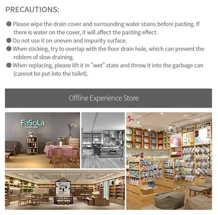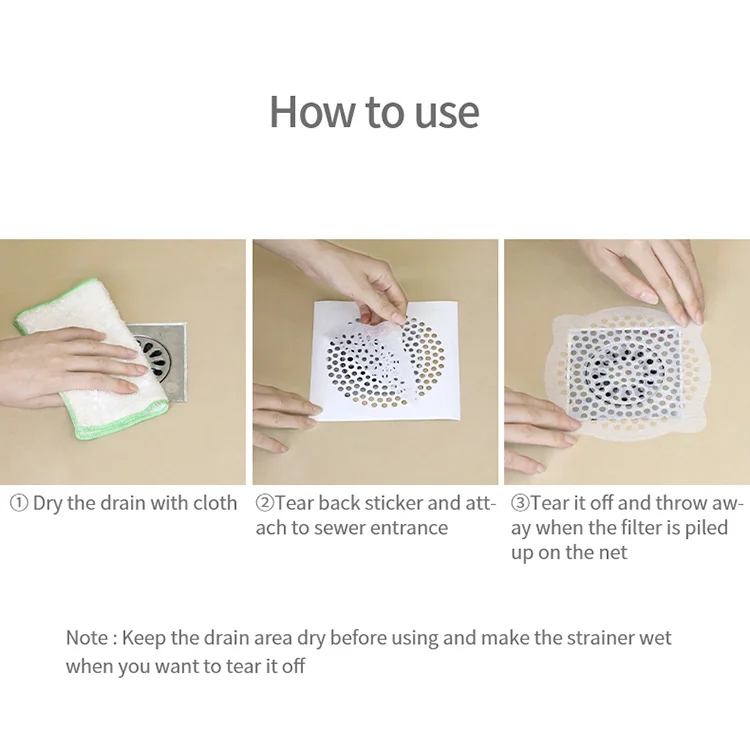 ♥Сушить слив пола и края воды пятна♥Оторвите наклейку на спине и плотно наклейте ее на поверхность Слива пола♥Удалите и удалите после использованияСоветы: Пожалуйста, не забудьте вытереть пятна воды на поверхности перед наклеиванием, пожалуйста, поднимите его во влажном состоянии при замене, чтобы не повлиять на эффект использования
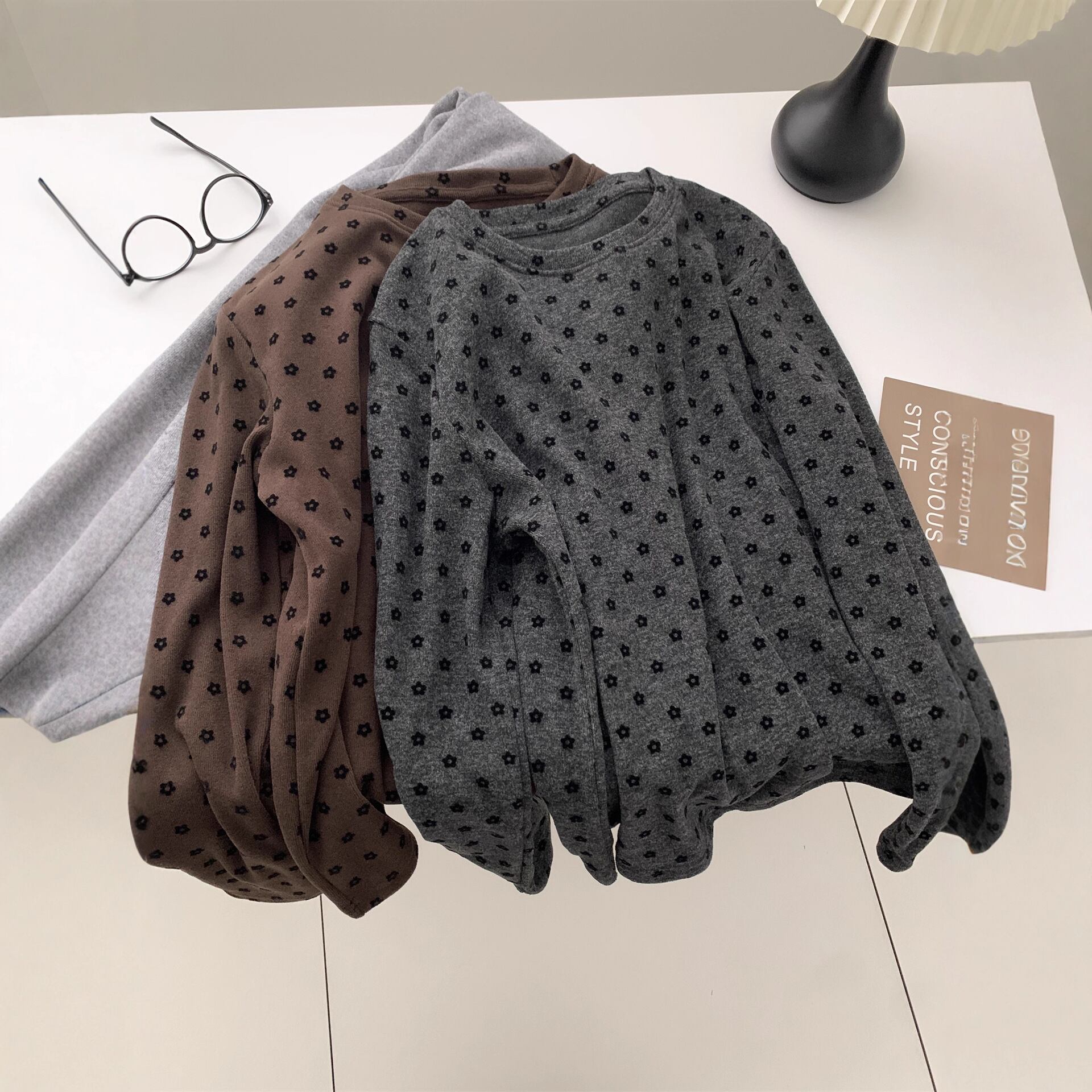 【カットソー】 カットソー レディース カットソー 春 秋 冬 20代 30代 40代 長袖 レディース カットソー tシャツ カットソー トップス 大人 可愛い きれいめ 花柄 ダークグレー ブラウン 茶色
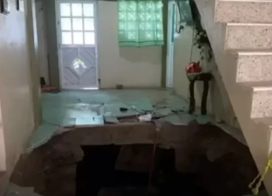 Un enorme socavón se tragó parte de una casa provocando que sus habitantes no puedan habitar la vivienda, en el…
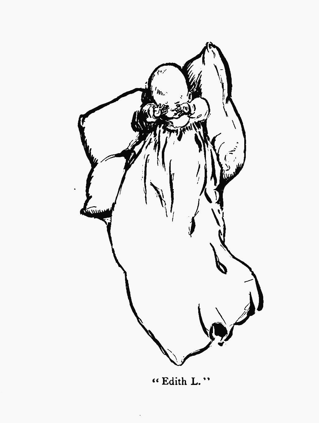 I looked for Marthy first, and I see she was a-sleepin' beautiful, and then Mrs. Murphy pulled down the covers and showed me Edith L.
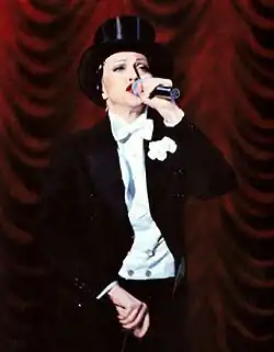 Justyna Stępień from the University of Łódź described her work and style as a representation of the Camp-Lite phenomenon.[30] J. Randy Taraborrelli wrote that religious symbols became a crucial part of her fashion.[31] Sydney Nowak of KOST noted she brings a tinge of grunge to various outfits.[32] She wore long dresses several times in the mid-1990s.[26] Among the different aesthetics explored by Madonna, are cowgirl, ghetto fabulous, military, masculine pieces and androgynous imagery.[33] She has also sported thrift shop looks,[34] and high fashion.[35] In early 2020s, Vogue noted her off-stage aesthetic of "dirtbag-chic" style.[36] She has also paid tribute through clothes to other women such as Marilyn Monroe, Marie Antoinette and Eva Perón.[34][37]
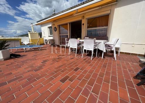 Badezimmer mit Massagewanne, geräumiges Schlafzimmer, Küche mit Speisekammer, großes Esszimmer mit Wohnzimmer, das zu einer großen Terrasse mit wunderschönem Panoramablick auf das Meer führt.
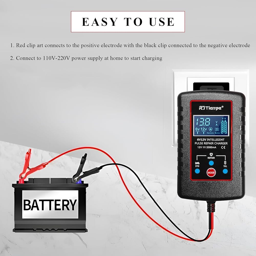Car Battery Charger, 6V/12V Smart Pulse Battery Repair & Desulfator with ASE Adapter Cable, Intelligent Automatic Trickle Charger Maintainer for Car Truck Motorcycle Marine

────────────────────────────────────────

The data above must be given back verbatim, minus its images.

- Response to this exercise -
 ♥Сушить слив пола и края воды пятна♥Оторвите наклейку на спине и плотно наклейте ее на поверхность Слива пола♥Удалите и удалите после использованияСоветы: Пожалуйста, не забудьте вытереть пятна воды на поверхности перед наклеиванием, пожалуйста, поднимите его во влажном состоянии при замене, чтобы не повлиять на эффект использования
 【カットソー】 カットソー レディース カットソー 春 秋 冬 20代 30代 40代 長袖 レディース カットソー tシャツ カットソー トップス 大人 可愛い きれいめ 花柄 ダークグレー ブラウン 茶色
 Un enorme socavón se tragó parte de una casa provocando que sus habitantes no puedan habitar la vivienda, en el…
 I looked for Marthy first, and I see she was a-sleepin' beautiful, and then Mrs. Murphy pulled down the covers and showed me Edith L.
 Justyna Stępień from the University of Łódź described her work and style as a representation of the Camp-Lite phenomenon.[30] J. Randy Taraborrelli wrote that religious symbols became a crucial part of her fashion.[31] Sydney Nowak of KOST noted she brings a tinge of grunge to various outfits.[32] She wore long dresses several times in the mid-1990s.[26] Among the different aesthetics explored by Madonna, are cowgirl, ghetto fabulous, military, masculine pieces and androgynous imagery.[33] She has also sported thrift shop looks,[34] and high fashion.[35] In early 2020s, Vogue noted her off-stage aesthetic of "dirtbag-chic" style.[36] She has also paid tribute through clothes to other women such as Marilyn Monroe, Marie Antoinette and Eva Perón.[34][37]
 Badezimmer mit Massagewanne, geräumiges Schlafzimmer, Küche mit Speisekammer, großes Esszimmer mit Wohnzimmer, das zu einer großen Terrasse mit wunderschönem Panoramablick auf das Meer führt.
Car Battery Charger, 6V/12V Smart Pulse Battery Repair & Desulfator with ASE Adapter Cable, Intelligent Automatic Trickle Charger Maintainer for Car Truck Motorcycle Marine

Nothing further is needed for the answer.